RESPONDING TO AN ALARM, A 102 KG FIREMAN GETS UP FROM DINNER AND SLIDES DOWN A POLE TO THE GROUND FLOOR OF THE BUILDING, 3.3 M BELOW. THE FIREMEN STARTS AT REST AND LANDS ON THE GROUND FLOOR WITH A SPEED OF 4.2 M/S.
A.FIND THE FORCE EXERTED ON THE FIREMEN BY THE POLICE.
B.IF THE LANDING SPEED IS HALF THAT IN "PART A", IS THE FORCE EXERTED ON THE FIREMEN BY THE POLE DOUBLED? YES OR NO?
C.FIND THE FORCE EXERTED ON THE FIREMEN BY THE POLE WHEN THE LANDING SPEED IS 2.1 M/S.

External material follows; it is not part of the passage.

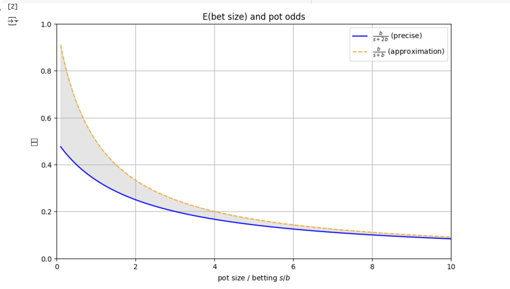 この差異は、特にベット額 b がポットサイズ s に対して大きい場合に顕著になります。具体的には、ベット額がポットサイズに近い、またはそれを超える場合、ポットオッズによる判断が不正確となり、期待値の条件と乖離が生じます。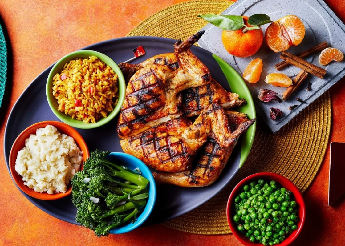 Il piatto principale di Nando’s è il pollo alla griglia marinato con salsa peri-peri, preparato con il peperoncino African Bird’s Eye. La cucina combina influenze portoghesi e africane, offrendo una varietà di piatti come prego (panini con bistecca), espetada (spiedini) e opzioni vegetariane, accompagnati da contorni tradizionali come pane portoghese e insalate.

To solve this problem, we can use the principles of work and energy.
A. FIND THE FORCE EXERTED ON THE FIREMAN BY THE POLE:
We can start by using the work-energy principle, which states that the work done on an object is equal to the change in its kinetic energy. The work done by the force of gravity is given by the equation:
Work = m * g * h
where m is the mass of the fireman, g is the acceleration due to gravity (approximately 9.8 m/s^2), and h is the change in height.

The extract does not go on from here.